But in Dreams

by Grandoverlord



Category: Warriors - Erin Hunter
Genre: Dreams, Mild Hurt/Comfort
Language: English
Status: Completed
Published: 2019-04-05
Updated: 2019-04-05
Packaged: 2020-01-05 02:49:20
Rating: General Audiences
Warnings: No Archive Warnings Apply
Chapters: 1
Words: 2,379
Publisher: archiveofourown.org
Story URL: https://archiveofourown.org/works/18357065
Author URL: https://archiveofourown.org/users/Grandoverlord/pseuds/Grandoverlord
Summary: Mothwing doesn't dream-- except, perhaps, once.





	But in Dreams

Mothwing dreams, of course. Every cat does. But Mothwing is a healer, not a prophet. 

There’s something comfortable in knowing what lay on the other side of sleep. For the other medicine cats, she thinks as she lays down to sleep, closed eyes might mean awakening in a dream-battle, fur torn and eyes wide with revelation of a truth too mystifying to grasp until blood has been spilt. Mothwing does not know what tomorrow will bring, but she doesn’t waste her time trying to figure it out. She doesn’t dream like  _ that.  _

Except, that is, for the silver-blue cat and the flooded plains.

Young, just barely a medicine cat, and buried by the weight of what that meant, Mothwing opened her eyes to a sky beneath her feet.

She gave a cry and jumped back, but the sky moved with her-- and she realized, feeling the water round her paws, that what she was walking on was merely reflection. It was just a pool, the sand under her feet not unlike the island camp of the old forest. That she recognized. The rest, though...as she lifted her gaze, the world expanded beyond any horizon she had ever seen. 

It was sand and salt and water, as far as the eye could see, the nothing of the landscape gaping eternally distant. This place was endless, empty, and glimmering with the reflection of the orange sky.

Sunset, and the salt flats seemed to glow. 

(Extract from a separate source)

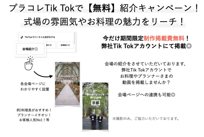 今回、多くの新郎新婦さまに楽しんでいただいているプラコレウェディングのTikTokにて期間限定制作費・掲載費も無料で公開するキャンペーンの実施を開始。 (動画素材の撮影のみお手伝いをお願いしています!)TikTok動画の作成&公開はもちろん、 プラコレ編集部(@wedding_adviser)のリール配信・YouTubeのショート動画を活用したアプローチ、プラコレウェディングの会場ページへのリンクなども可能となっております。

“How strange,” Mothwing murmured to herself. She stepped forward carefully, unsure of what to do. 

“But beautiful, I think.” 

Mothwing whipped around-- there had been no one behind her only a moment ago, but now there stood a silver-blue cat, her muzzle frosted with age but her eyes sharp as glass. Her figure looked blurred, as if Mothwing’s vision was double or triple, multiple versions of the other cat overlapping and blurring at the edge.

“I haven’t seen you before,” Mothwing murmured. “Dreams are such odd things. Places I’ve never been, cats I’ve never met-- and so different from what I know...” 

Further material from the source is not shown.